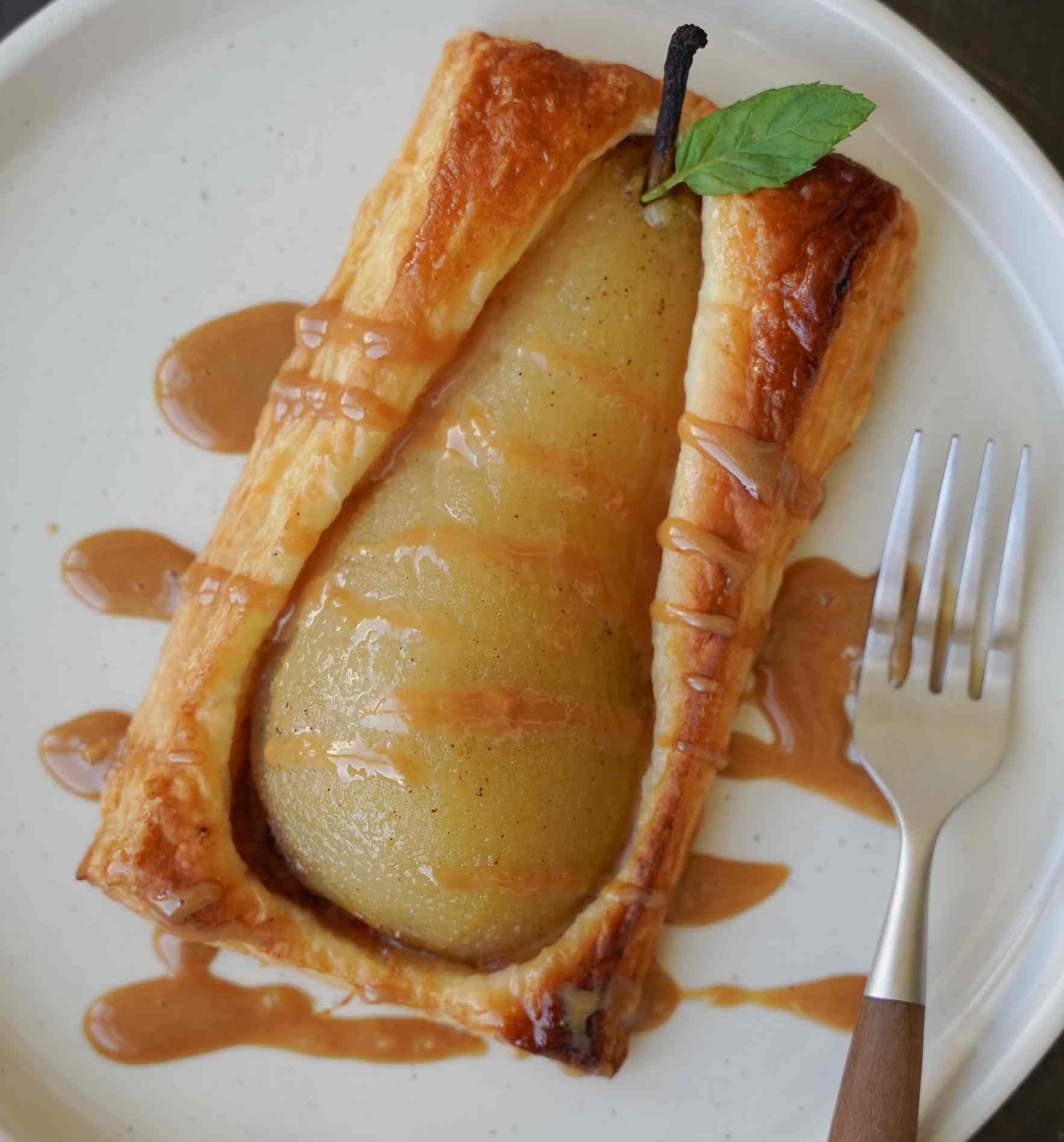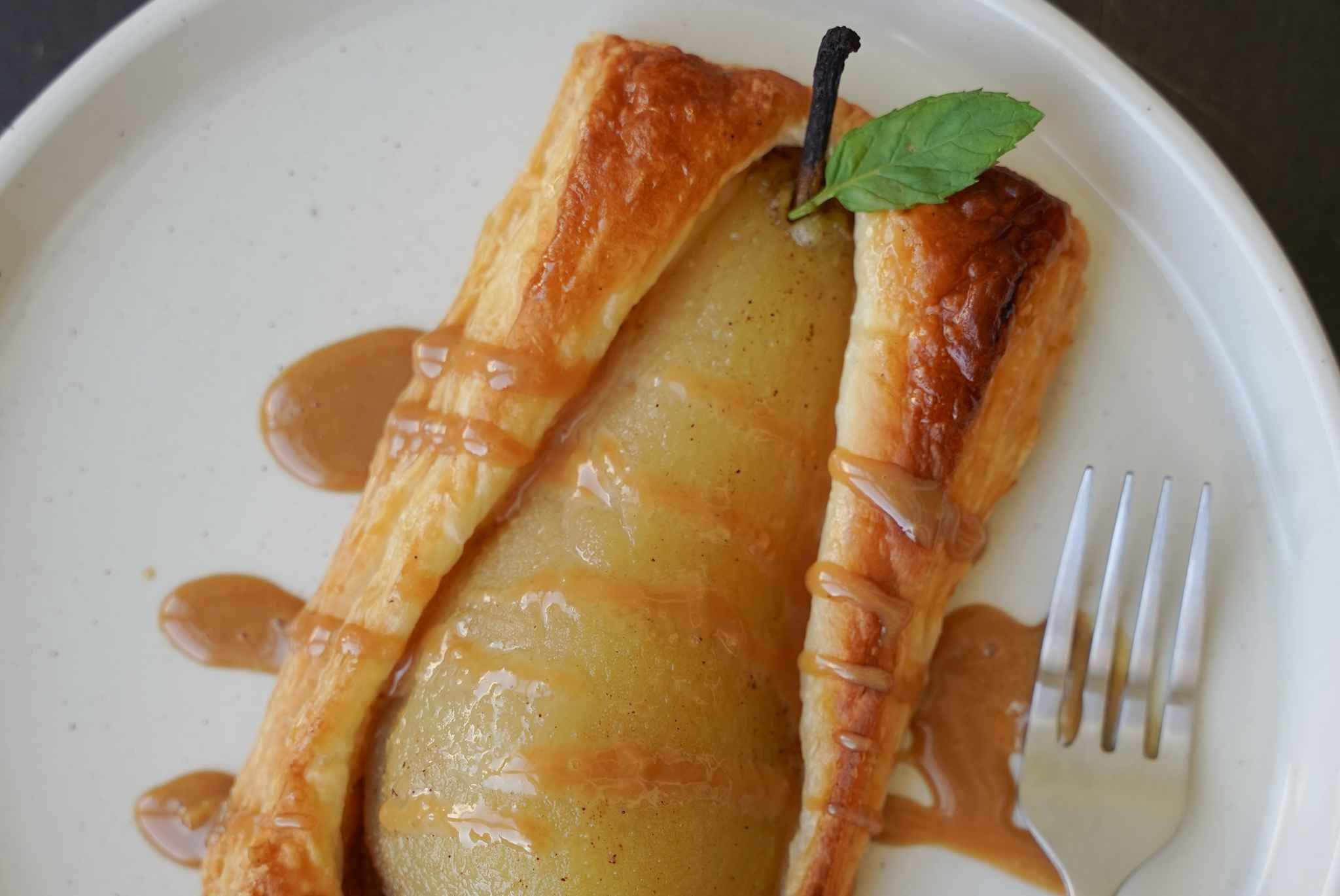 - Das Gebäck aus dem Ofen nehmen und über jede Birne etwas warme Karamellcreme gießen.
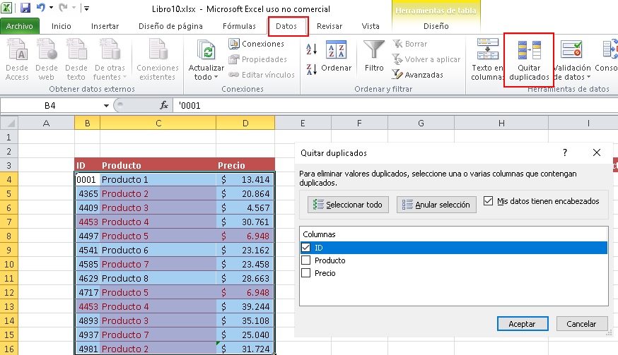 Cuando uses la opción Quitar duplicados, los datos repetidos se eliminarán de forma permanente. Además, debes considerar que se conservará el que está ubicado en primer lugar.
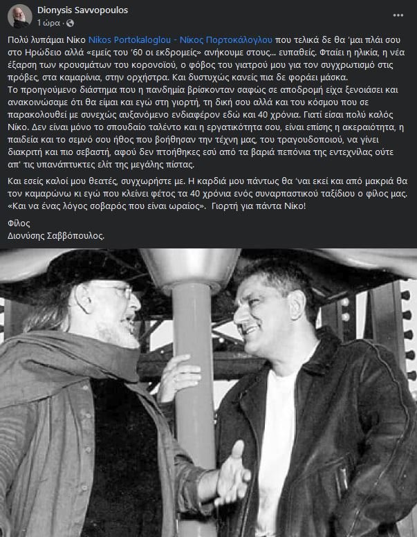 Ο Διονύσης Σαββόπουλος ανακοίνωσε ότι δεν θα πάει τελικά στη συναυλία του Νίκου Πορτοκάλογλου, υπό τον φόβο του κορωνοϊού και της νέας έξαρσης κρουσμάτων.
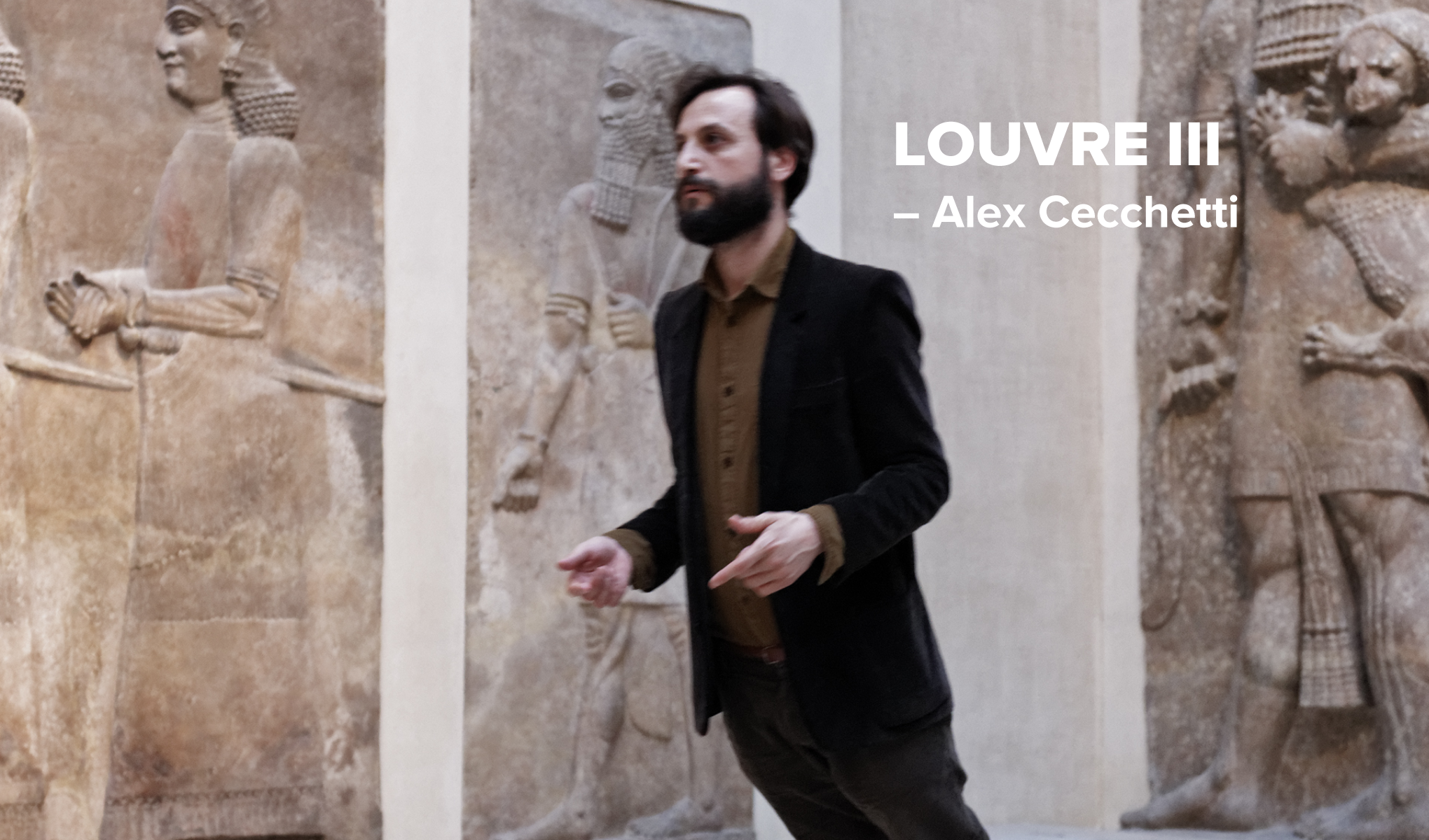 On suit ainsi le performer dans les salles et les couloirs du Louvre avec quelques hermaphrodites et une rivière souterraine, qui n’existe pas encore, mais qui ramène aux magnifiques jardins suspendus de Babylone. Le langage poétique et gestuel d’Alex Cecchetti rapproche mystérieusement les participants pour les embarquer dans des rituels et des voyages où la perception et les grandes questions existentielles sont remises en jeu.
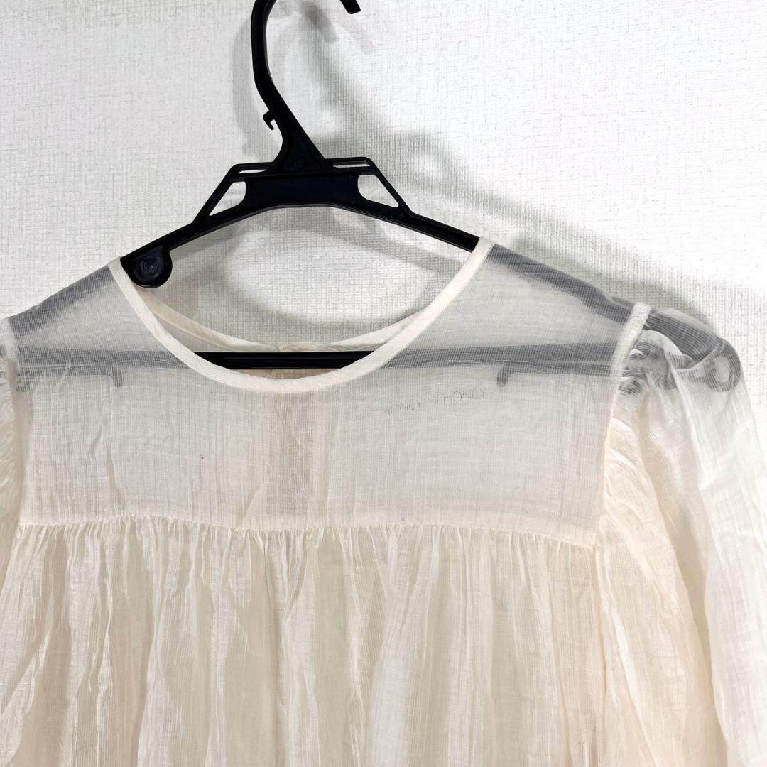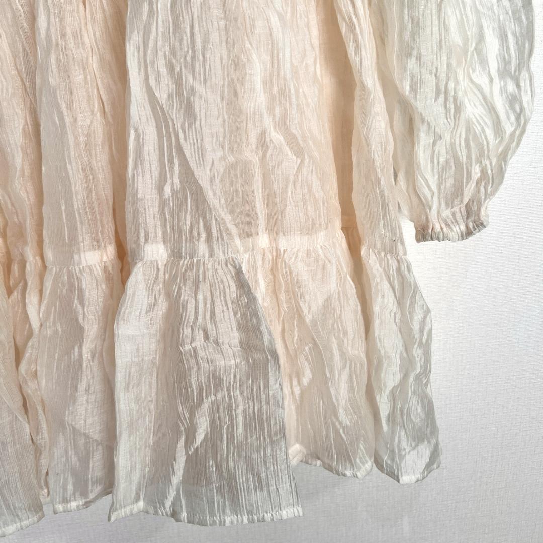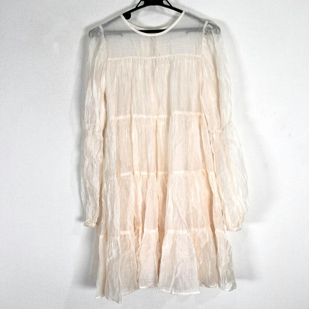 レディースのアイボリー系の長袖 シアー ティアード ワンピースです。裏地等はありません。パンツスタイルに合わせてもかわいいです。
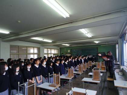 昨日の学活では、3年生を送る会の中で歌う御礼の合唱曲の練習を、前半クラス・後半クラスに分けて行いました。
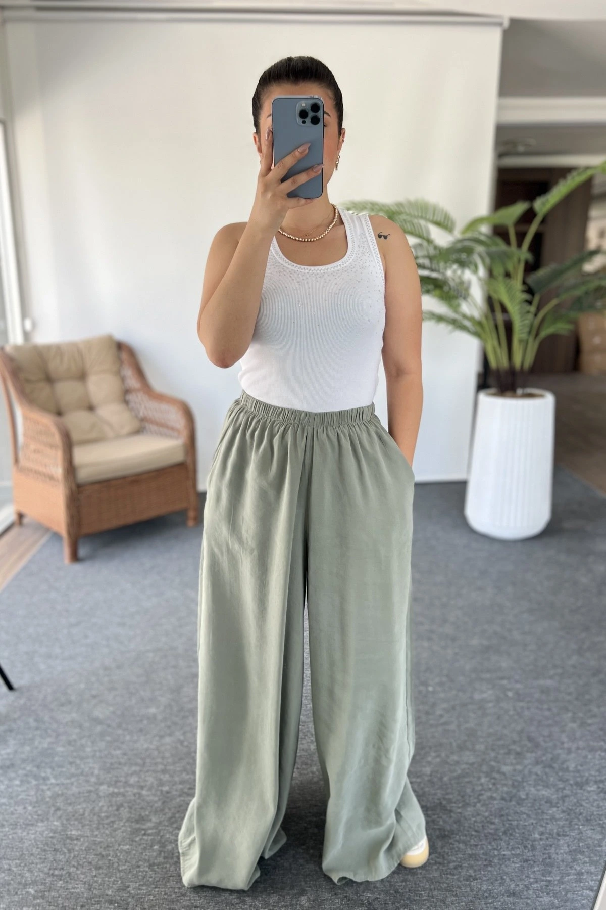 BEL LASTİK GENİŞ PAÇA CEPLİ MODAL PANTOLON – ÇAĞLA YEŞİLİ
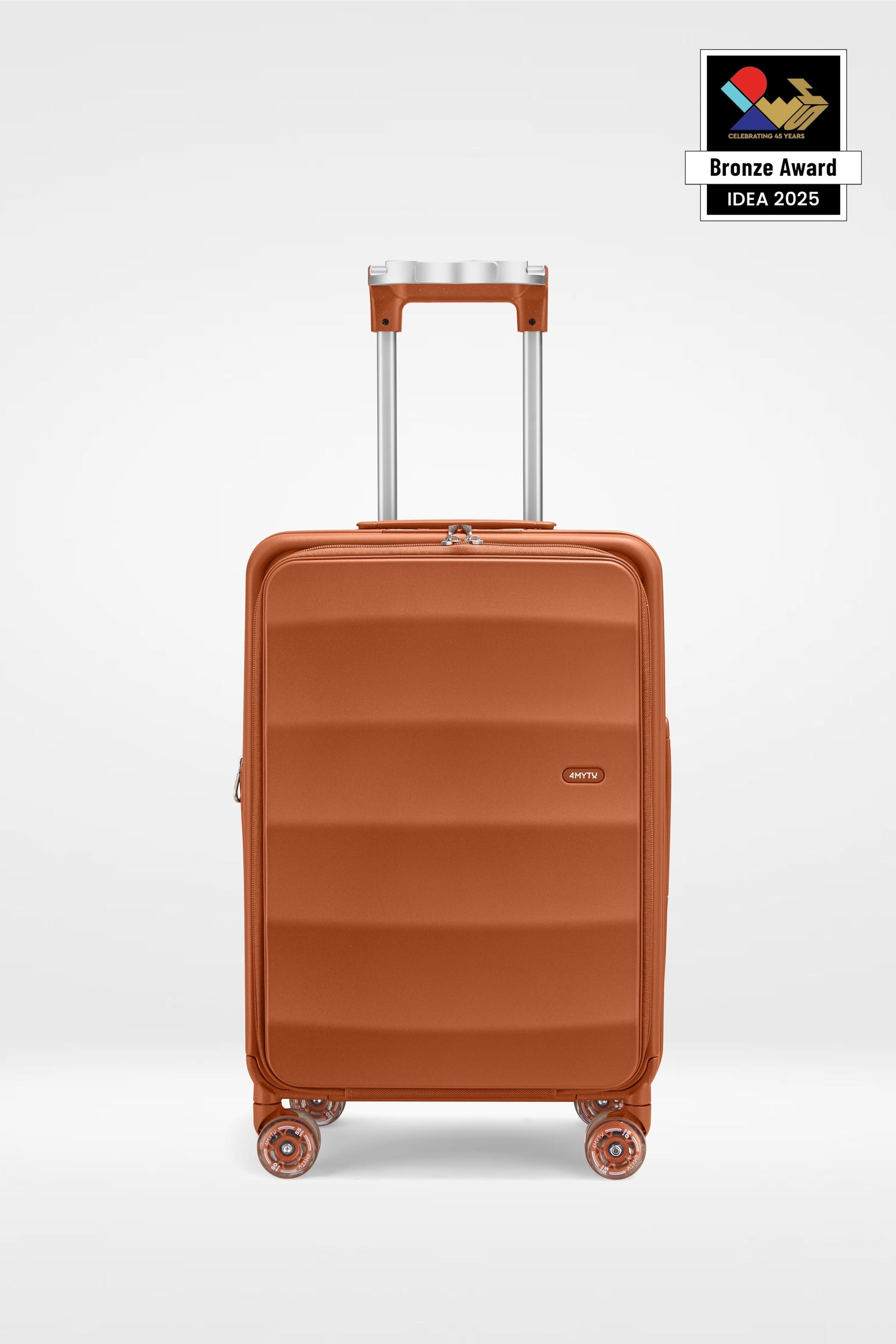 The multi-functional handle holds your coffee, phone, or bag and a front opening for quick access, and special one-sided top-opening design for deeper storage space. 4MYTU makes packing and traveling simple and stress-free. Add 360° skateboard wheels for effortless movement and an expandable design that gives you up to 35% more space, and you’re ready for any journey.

□ □ □ □ □

• _Task instructions_: What is wanted is an exact copy of the lines from the line with "BEL LASTİK GENİŞ" through the end of the records, both ends included, pictures excluded.

• _Exercise output_:
 BEL LASTİK GENİŞ PAÇA CEPLİ MODAL PANTOLON – ÇAĞLA YEŞİLİ
 The multi-functional handle holds your coffee, phone, or bag and a front opening for quick access, and special one-sided top-opening design for deeper storage space. 4MYTU makes packing and traveling simple and stress-free. Add 360° skateboard wheels for effortless movement and an expandable design that gives you up to 35% more space, and you’re ready for any journey.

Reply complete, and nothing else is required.